Ahora más que nunca es esta estrategia necesaria. Algún amigo apostaba a que luego de su triunfo Chávez ofrecería—al menos hasta la nueva confrontación de las elecciones regionales, a las que tendrá que acudir una Coordinadora Democrática ya definitivamente en desbandada, atomizada, imposibilitada de convencer al mecenas más generoso—paz y amor, promesas de diálogo e inclusión. Ya voceros del Comando Maisanta se han pronunciado en este sentido.

Sería ingenuo suponer que ahora Chávez no apretará una tuerca más.
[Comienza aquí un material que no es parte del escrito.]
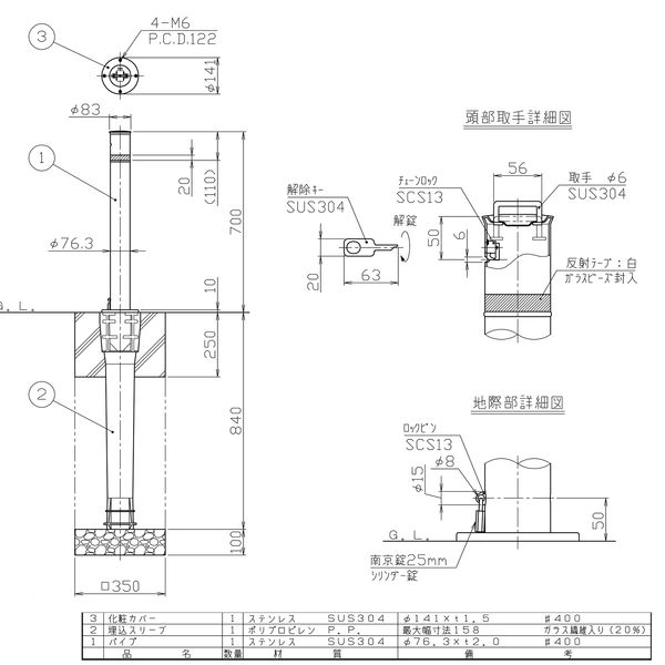 ●地中に埋設したスリーブ(さや管)に 、 ポール本体を

La ley de policía nacional, la amenaza de renacionalizar la CANTV (tiene los reales), la ley de contenidos, una nueva ley de cultos, la toma de las universidades y nuevas represiones penales contra sus más detestados oponentes, están a la vuelta de la esquina. Urge encontrar el modo de tomarle la zurda muñeca que empuñará la llave inglesa y dificultarle el opresivo giro con el que querrá expandir su totalitaria y quirúrgica manera de «gobernar».

Pero también decíamos en 1999 que esa contención no sería suficiente, y que más que una oposición habría que ejecutar una superposición, una elaboración discursiva desde un nivel superior de lenguaje político, que flotara sobre sus agendas, sobre su nomenclatura, sobre sus concepciones, sobre los terrenos que siempre escogió astutamente para la batalla y a los que llevó, casi sin esfuerzo, a un generalato opositor incompetente, y que pudiera, esa interpretación alterna, ese discurso fresco, ser convincente para el pueblo. Este discurso es perfectamente posible. Ese discurso existe, y entre él y unos Electores hambrientos de liderazgo eficaz, sólo hay que interponer los medios que hasta ahora sólo han estado disponibles para actores ineficaces.

Por esto viene ahora una nueva etapa, preñada de posibilidades, más aprendida. Venezuela, herida, desconcertada, desilusionada y nihilista, tiene que recuperarse de la desazón y el fracaso. Y al cabo de un tiempo más bien corto, encontrará el camino correcto y verá sus tribulaciones de ahora como el principio de su metamorfosis creadora. No nos avergonzamos de nuestras tribulaciones, decía San Pablo, porque a la postre transmutan en esperanza, y no nos avergonzamos de nuestra esperanza.